Shut-in pressure is the equivalent term for close-in pressure in most WCSB regulatory and engineering documents; the shut-in wellhead pressure (SIWHP) recorded on daily production reports and AER monthly production submissions is the close-in pressure measurement used for reservoir depletion monitoring across WCSB oil and gas pools. Instantaneous shut-in pressure (ISIP) is the specific close-in pressure measurement taken within seconds of stopping hydraulic fracturing pumps; ISIP values across all stages of a WCSB Montney or Duvernay horizontal completion build the minimum horizontal stress profile used to calibrate geomechanical models and refrac candidate selection. Deliverability test under AER Directive 040 uses close-in pressure as the static reference for WCSB gas well AOF calculation; the pre-test 72-hour close-in pressure is compared to flowing bottomhole pressures at four rates to construct the backpressure curve.

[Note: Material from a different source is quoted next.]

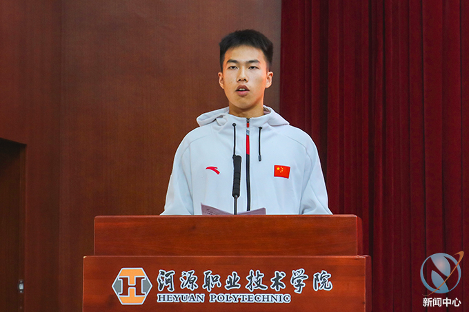 电子与信息工程学院20级学生彭怡彬代表退役大学生士兵发言。在发言中分享了他在部队的感受和体会:在部队中学到流血流汗不留泪,掉皮掉肉不掉队的精神,鼓励想当兵又害怕当兵的同学们要坚定自己的方向去尝试和努力,他号召广大青年学子携笔从戎、报效祖国。

Sustained casing pressure (SCP) is detected through close-in casing pressure monitoring at WCSB wellheads; non-zero casing pressure sustained after bleed-down triggers AER Directive 020 reporting obligations and well integrity investigation programs. Pressure buildup test is the formal pressure transient analysis method that uses the same shut-in data as close-in pressure measurement but analyzes the full buildup curve with Horner or superposition methods to determine permeability, skin, and extrapolated static pressure in WCSB reservoir characterization programs.